Charles himself was still too young to take much interest in the choice of a wife. His education had not been neglected, and he had acquired a large stock of information, especially of such as bore on the theological and ecclesiastical questions which made so great a part of the learning of his day. In 1618 there was a boyish quarrel between him and his father's favourite, Buckingham, which was promptly made up, and from that time a close friendship united the two young men.

When the troubles in Germany broke out, Charles did not hesitate to declare himself on the side of his sister, the Electress Palatine, whose husband had been elected to the Bohemian throne. In 1620 he rated himself at 5,000l. to the Benevolence which was being raised for the defence of the Palatinate, and on the news of the defeat of his brother-in-law at Prague shut himself up in his room for two days, refusing to speak to any one. In the House of Lords in the session of 1621 he took Bacon's part, and induced the peers to refrain from depriving the fallen chancellor of his titles of nobility.

After the dissolution of James's third parliament the Spanish marriage negotiations were again warmly taken up. Charles was now in his twenty-second year. He was dignified in manner and active in his habits. He rode well, and distinguished himself at tennis and in the tilting-yard. He had a good ear for music and a keen eye for the merits and the special peculiarities of a painter's work. His moral conduct was irreproachable, and he used to blush whenever an immodest word was uttered in his presence (Relazioni Venete, Ingh. p. 261).

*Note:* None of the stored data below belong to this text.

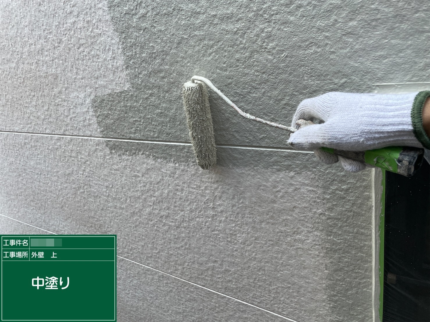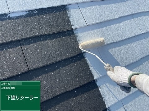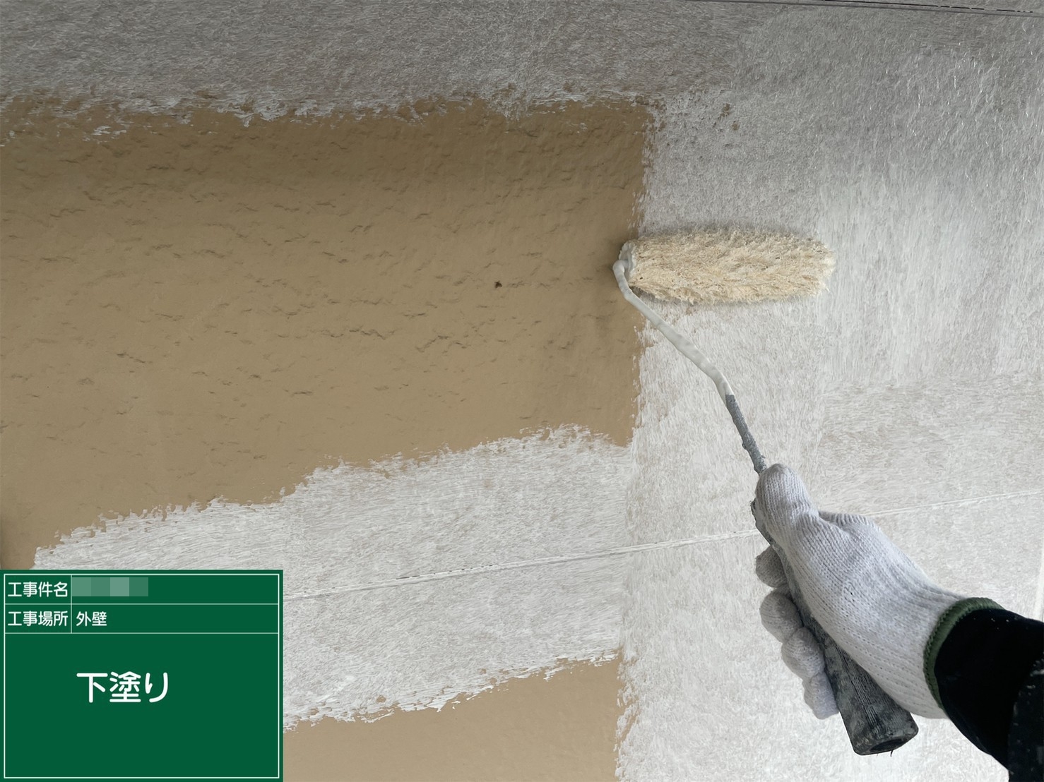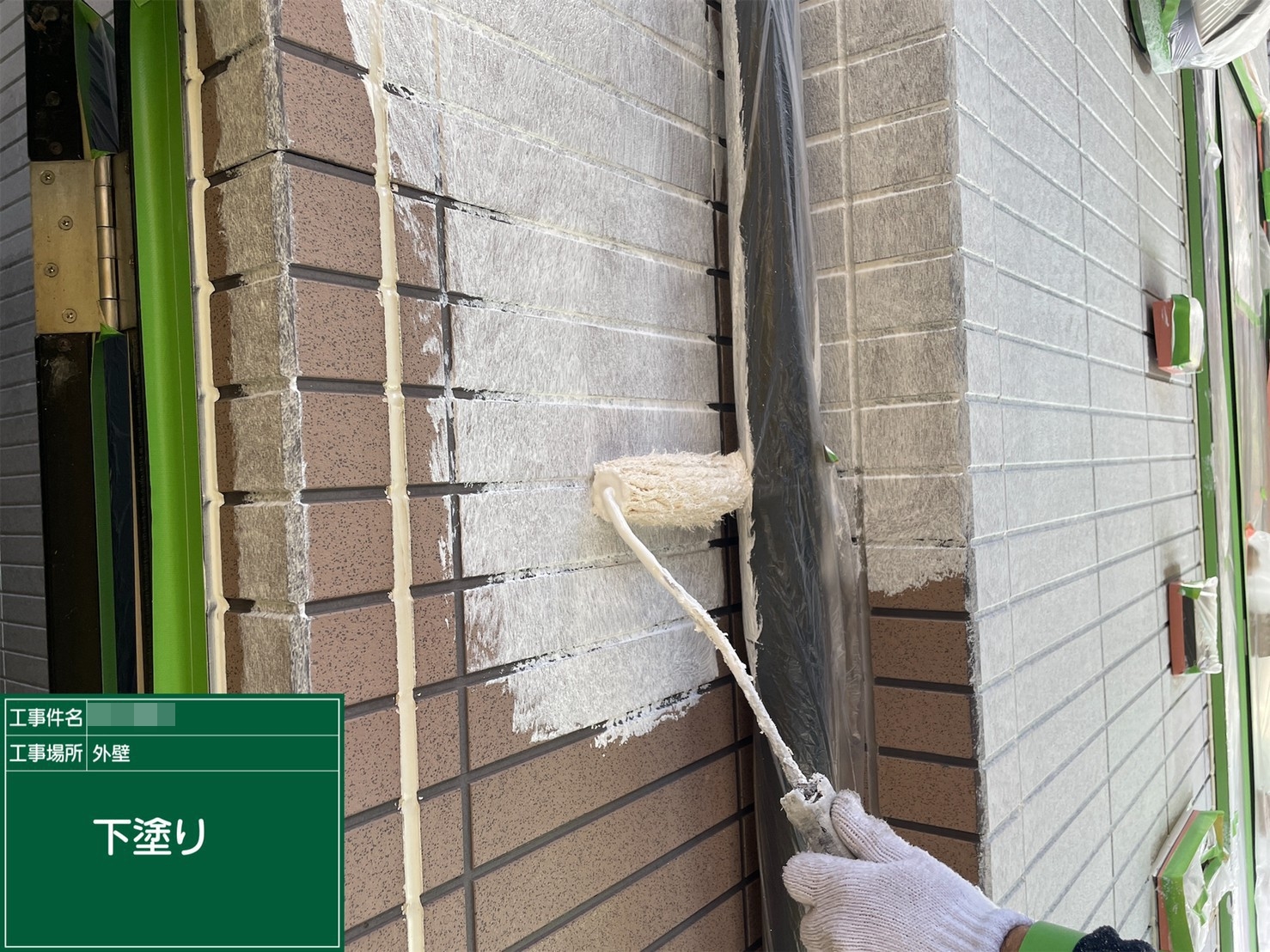 シーリング工事です。既存のシーリング材を撤去し、プライマーを塗布しています。
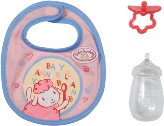 Nyd at fodre din Baby Annabell dukke med dette søde sæt. Det indeholder en gennemsigtig flaske, en lyserød hagesmæk med et får, og en beroligende rød sut, der understøtter legen og plejen af dukken.
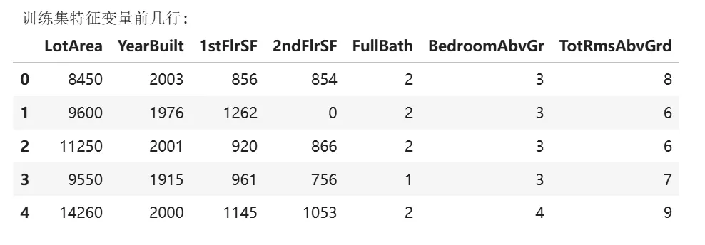 #选择特征变量和目标变量并查看数据features = ['LotArea', 'YearBuilt', '1stFlrSF', '2ndFlrSF', 'FullBath', 'BedroomAbvGr', 'TotRmsAbvGrd']train_X = train_data[features]train_y = train_data.SalePriceprint("\n训练集特征变量前几行:")display(train_X.head())#测试集特征变量test_X=test_data[features]
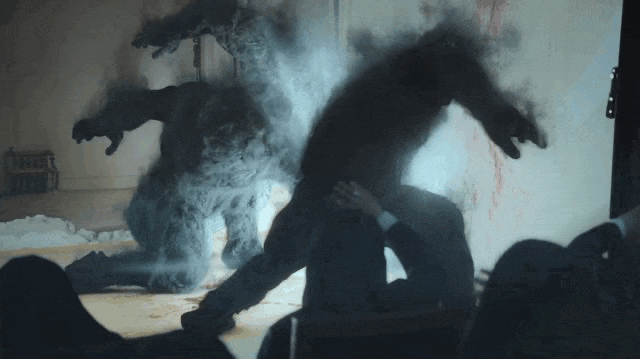 再之后,这三只大猩猩就会发出白光灼烧对方:
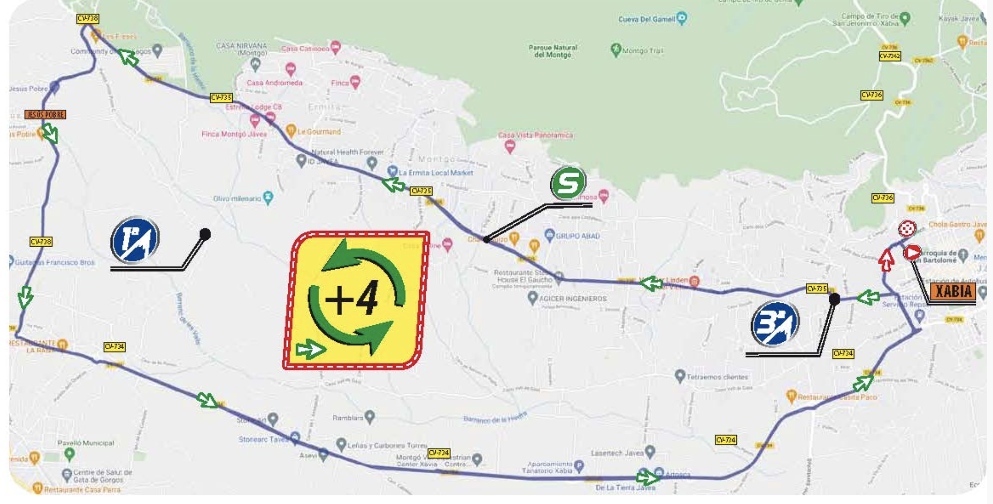 La salida está prevista a las 10 de la mañana en la Plaza de la Constitución de la localidad alicantina. El recorrido programado consistirá en dar cuatro vueltas a un circuito de 16,3 kilómetros, Xàbia-Jesús Pobre-Gata de Gorgos-Xàbia, hasta completar los 67,2 kilómetros con el ascenso al Colomer.
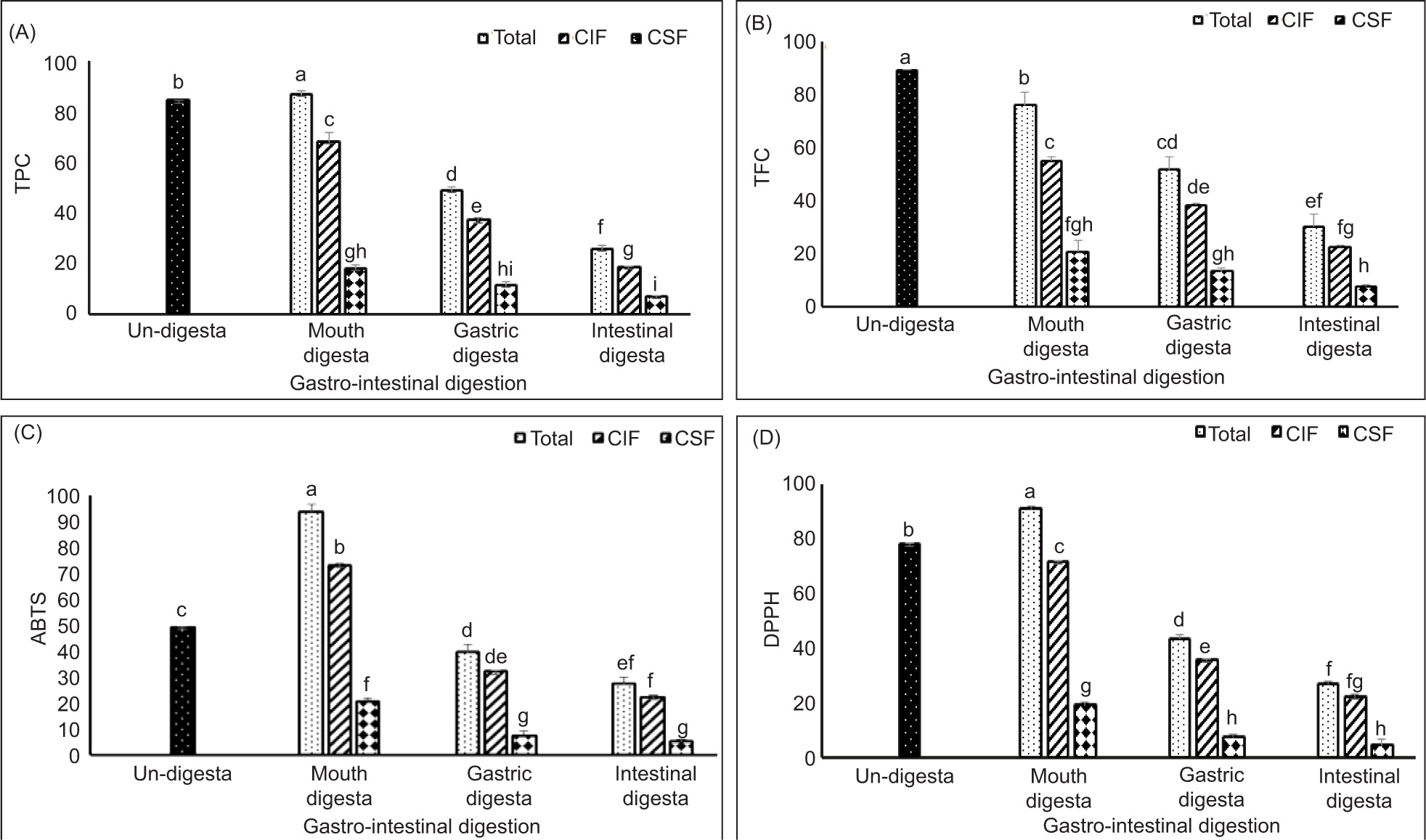 Figure 3 shows the bioactive content of CSF and CIF. In general, the phenolic compounds and antioxidant activity values in CIF were much higher than in CSF. The TPC in CIF after mouth, gastric, and intestinal digestion was 86.43, 37.23, and 18.77 mg GAE/100 g, compared to 18.4, 11.77, and 7.20 mg GAE/1000 g in CSF, respectively. Similarly, after digestion in the mouth, stomach, and intestines, CIF had a higher flavonoid content than CSF, with values of 6.6, 4.6, and 2.6 mg CE/100 g compared to 2.5, 1.6, and 0.9 mg CE/100 g, respectively. After digestion in the mouth, stomach, and intestines, both CIF and CSF exhibited distinct differences in their proportions of DPPH and ABTS scavenging. In oral, gastric, and intestinal digestion phases, CIF had significantly higher ABTS scavenging percentages (73.17, 32.03, and 22.30%, respectively) than the CSF (20.80, 7.53, and 5.0%, respectively). The DPPH scavenging percentages also differed significantly between CIF and CSF at the three digestion phases.

Of his possession of powers befitting the future ruler of his country nothing was as yet known. His tendency to take refuge in silence when anything disagreeable to him occurred was indeed openly remarked on, and his increasing familiarity with Buckingham attracted notice; but it was hardly likely that any one would prognosticate so early the future development of a character of which these were the principal signs. Charles was in truth possessed of a mind singularly retentive of impressions once made upon it. Whatever might be the plan of life which he had once adopted as the right one, he would retain it to the end. Honestly anxious to take the right path, he would never for expediency's sake pursue that which he believed to be a wrong one; but there was in him no mental growth, no geniality of temperament, leading him to modify his own opinions through intercourse with his fellowmen. This want of receptivity in his mind was closely connected with a deficiency of imagination. He could learn nothing from others, because he was never able to understand or sympathise with their standpoint. If they differed from him, they were wholly in the wrong, and were probably actuated by the basest motives. The same want of imagination led to that untrustworthiness which is usually noted as the chief defect of his character. Sometimes, no doubt, he exercised, what earlier statesmen had claimed to exercise, the right of baffling by a direct falsehood the inquiries of those who asked questions about a policy which he wished to keep secret. The greater part of the falsehoods with which he is charged were of another description. He spoke of a thing as it appeared at the time to himself, without regard to the effect which his words might produce upon the hearer. He made promises which would be understood to mean one thing, and he neglected to fulfil them, without any sense of shame, because when the time for fulfilment came it was the most natural thing in the world for him to be convinced that they ought to be taken in a sense more convenient to himself.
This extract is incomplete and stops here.